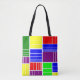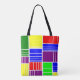 Diese Tasche hat ein Bauhaus-Design von Rechtecken in immer kleinere Stücke in rot, gelb, blau, grün, lila auf einem Feld von Weiß unterteilt.
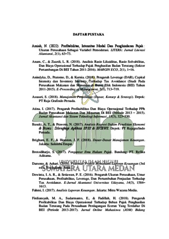 | Uncontrolled Keywords: | Profitabilitas, Capital Intensity, Likuiditas, Biaya Operasional dan Pajak Penghasilan Badan |
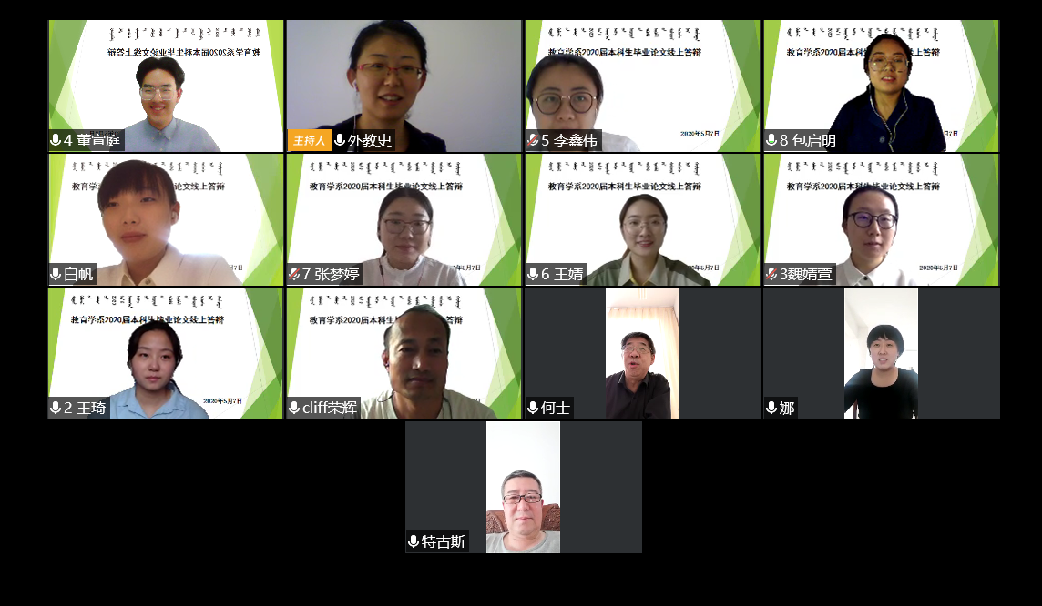 在答辩学生、答辩委员以及答辩秘书的密切配合下,此次线上论文答辩会顺利结束。教育学院的各位毕业生总结了大学的学习成果,也为自己的大学生活画上了圆满的句号。

> [Task objective]:
All the material above must be copied exactly, and no picture belongs in the copy.

> [Answer to this problem]:
 Diese Tasche hat ein Bauhaus-Design von Rechtecken in immer kleinere Stücke in rot, gelb, blau, grün, lila auf einem Feld von Weiß unterteilt.
 | Uncontrolled Keywords: | Profitabilitas, Capital Intensity, Likuiditas, Biaya Operasional dan Pajak Penghasilan Badan |
 在答辩学生、答辩委员以及答辩秘书的密切配合下,此次线上论文答辩会顺利结束。教育学院的各位毕业生总结了大学的学习成果,也为自己的大学生活画上了圆满的句号。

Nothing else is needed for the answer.